Most tool-using agents call tools one at a time. The model asks for a tool, the result comes back, it reasons, it asks for the next one. For anything multi-step that turns into a lot of round-trips, and the orchestration logic lives in a loop you have to babysit.

In code mode, the model writes a single program that orchestrates the tools instead, with real control flow and composition. A question like “compare three tickers, indexed to 100 at the start, then rank them by volatility” becomes one script that does a few fetches and runs one query. It doesn’t glue togther a dozen tools with model turns.

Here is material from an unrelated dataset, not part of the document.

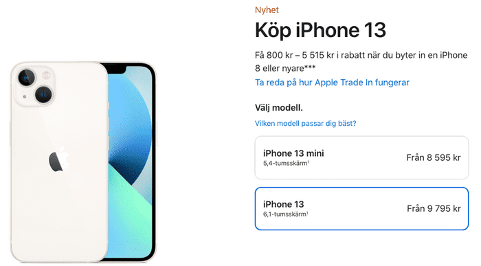 En iPhone 13 vs. iPhone 13 Mini: Apple har en variant av sin klassiska iPhone som har mindre skärmstorlek och är en dryg tusenlapp billigare än standardvarianten. Det kan kanske få vissa konsumenter att välja en iPhone i stället för en Samsung med Android.

The code runs inside Monty, a restricted interpreter with no imports, no filesystem access, no network access, and near-instant startup. It can only use the tools you explicitly make available to the sandbox. That means the model isn’t running arbitrary Python with unrestricted access. It can only work within the boundaries you’ve defined.

What runs where

The example splits work by how expensive and how worth-tracking each piece is.

Piece	Where it runs	Why
the chat app	a CPU app pod	The native chat UI. Streams progress and launches one analysis run per question.
`analyze`	a Flyte task (the run)	Starts a report, runs the agent loop, returns the report blocks and a summary.
`yf_get_historical_stock_prices`	the MCP server subprocess	Live price fetch: the agent’s only path to the network. Loaded over MCP; the model calls it from its code like any other function.
`query(sql, series)`	a durable child task	Parses the fetched price JSON into a `prices` table and runs read-only DuckDB SQL. Real work worth tracking, retrying, and caching. Dispatched from inside the sandbox.
`create_metric`, `create_chart`, `create_table`, `calculate_statistics`	in-process in `analyze`	Microseconds of pure Python. Making them tasks would add a round-trip for nothing.
the model’s code	the Monty sandbox	Untrusted LLM code, confined to calling the tools above.

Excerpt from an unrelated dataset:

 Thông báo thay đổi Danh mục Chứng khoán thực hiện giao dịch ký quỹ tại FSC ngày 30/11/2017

The heavy tool: a durable query

The agent fetches prices at runtime from a Yahoo Finance MCP server (covered below). Each fetch returns one ticker’s closing prices as a JSON string; query parses those into a prices(ticker, date, close) table and runs read-only DuckDB SQL against it, coercing dates to ISO strings on the way out. The reshape lives in the task, not the sandbox, because the sandbox has no json or pandas:

tools.py
                
                    
                
            
                
            

                
                    
                
            
async def run_sql(sql: str, series: dict[str, str]) -> list:
    """Parse raw Yahoo Finance price JSON per ticker, then run a read-only query.

    Args:
        sql: A DuckDB SELECT statement against the table `prices`
             (columns: ticker, date, close). Aggregate in SQL where you can.
        series: Maps ticker symbol -> the JSON string returned by
                yf_get_historical_stock_prices for it (closing prices keyed by
                epoch-millisecond timestamp).

    Returns:
        A list of row dicts (one per result row), with dates as ISO strings.
    """
    import duckdb
    import pandas as pd

    # Parse each ticker's raw MCP payload into rows and stack them into one table.
    # This reshape needs json + pandas, which the Monty sandbox lacks — so it runs
    # here, in the durable task, not in the model's generated code.
    frames = []
    for ticker, raw in series.items():
        data = _json.loads(raw) if raw else {}
        if not data:
            continue
        frame = pd.DataFrame({"ts": list(data.keys()), "close": list(data.values())})
        # The MCP keys its close prices by timestamp, but the format varies by
        # pandas version inside the server: ISO date strings ("2025-07-03") or
        # epoch-millisecond integers. Detect which and parse accordingly.
        ts = frame["ts"].astype(str)
        if ts.str.fullmatch(r"\d+").all():
            frame["date"] = pd.to_datetime(ts.astype("int64"), unit="ms").dt.date
        else:
            frame["date"] = pd.to_datetime(ts).dt.date
        frame["ticker"] = ticker
        frames.append(frame[["ticker", "date", "close"]])

    prices = (
        pd.concat(frames, ignore_index=True)
        if frames
        else pd.DataFrame(columns=["ticker", "date", "close"])
    )

    # Lock the engine down: no reading or writing files, no extensions, no network.
    con = duckdb.connect(config={"enable_external_access": "false"})
    _ensure_read_only(con, sql)

    con.register("prices", prices)
    rel = con.execute(sql)
    columns = [d[0] for d in rel.description]
    return [{c: _jsonable(v) for c, v in zip(columns, row)} for row in rel.fetchall()]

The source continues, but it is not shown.